Rocket: With Well Water Conspiracy, are you able to express yourselves in ways you couldn't in other/previous musical endeavors? And who's the garage rock fan?

McBain: I'm the garage geek. So I kind of brought that to the band. All my songs have that kind of feel to it.

Cameron: And I've just always 4-tracked, since 1984. I do it because it's fun. I like to write songs. I'm able to play guitar. It seemed like a good pairing of songwriting and recording styles. That's a big part of it. We like to record it ourselves.

McBain: There's no egos. There's no frontman. It's the way to go.

Rocket: But you are the lead singer, Matt.

Cameron: Sort of. I don't really look at it that way.

McBain: If you listen to the way we mix the vocals, they're [mixed into the music so that they're] just another part of the song. I like that approach.
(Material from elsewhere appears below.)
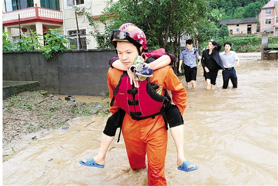 消防战士转移开化严村村受困村民。 拍友 杨鲁帅 摄

Cameron: Most of the time they're in the music as opposed to being all you hear and then there's this background music. But on Brotherhood of Electric, we also have Josh [Homme] singing and my friend, Luke [St. Kimble], sang on one song. It's kind of the same approach as the last one--we had two singers. But Josh's vocals and my vocals are a little more similar than Ben and myself. Ben just has this unique, singular style that I haven't heard in a long time.
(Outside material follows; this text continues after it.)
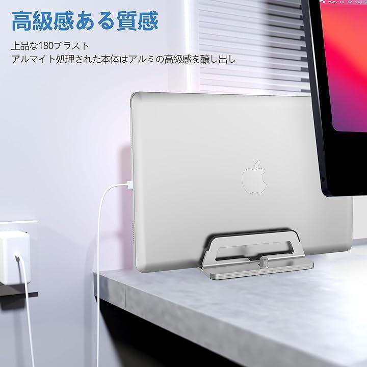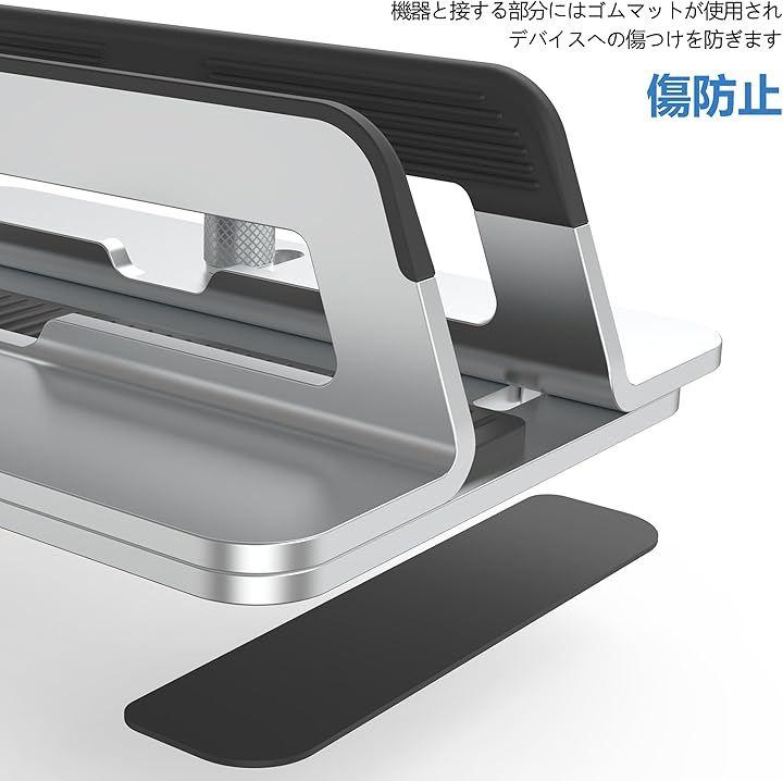 「調整可能なスロット」ノートパソコンホルダースタンドは、1.7~4.5cmの厚さに対応。

Rocket: Where was Shepherd for Brotherhood of Electric?

Cameron: I don't think it was the kind of project that he was really into. He likes to have control of the whole environment. He's got a lot of his own songs and a lot of talent. We just kind of started out on our own and we had no problems doing it ourselves.

Rocket: Will Well Water Conspiracy ever play live?

Cameron: We're working on that right now. We've had some offers for summer and fall to play Europe, so we're trying to get a band together.

McBain: We just want to be careful about not getting into that overkill situation. It seems like bands who come out of Seattle or the area plaster themselves everywhere. We don't want that.

Rocket: So you prefer to remain anonymous?

McBain: Exactly. That's what we want.

Rocket: Even if no one pays attention? The first album drew almost no fanfare, aside from garnering a short feature in Magnet.

Cameron: We had a lot of interest in Detroit, Chicago, New York and the U.K. But here, if you don't play live, people don't really connect with you.

McBain: Not that it's bad, but it's the baggage that we brought with the band. We don't want people to look at it and go, "Oh, those guys and that guy--whatever." I'm sure that's why people brushed aside that first record, because they had other ideas of what it would be like. That's why leaving it anonymous has really helped.

Rocket: Time Bomb doesn't want the band to be anonymous. On the bio, it explicitly says "Matt Cameron formerly of Soundgarden" and "John McBain formerly of Monster Magnet." The label makes it a selling point.

McBain: Well, it's not a sticker on the CD.

Cameron: We definitely want this one to get noticed a little bit more, and that's a way to get people to take notice.

Rocket: How did you link up with Time Bomb?

Cameron: It was through knowing Jim Guerinot, who is head of Time Bomb. He was with A&M and worked with Soundgarden. We sort of shopped it to a couple different labels and no one was really interested. We had a few people telling us, "You should try shopping it at a major, man." And I'm glad we didn't, because it would have been lost. A&M passed on it anyway.

McBain: At one point, before we signed to Time Bomb, we realized that no one wanted this record.... When [Guerinot] first got it, he didn't really know what to do with it. I don't think he really understood. But I think as it started to get around, they got a little more excited about it.

Cameron: We like that fact that there's a good Internet buzz about it.

McBain: We get a lot of messages.

Rocket: So Well Water Conspiracy have some fanatical fans.

Cameron: All 19 of them, to be exact.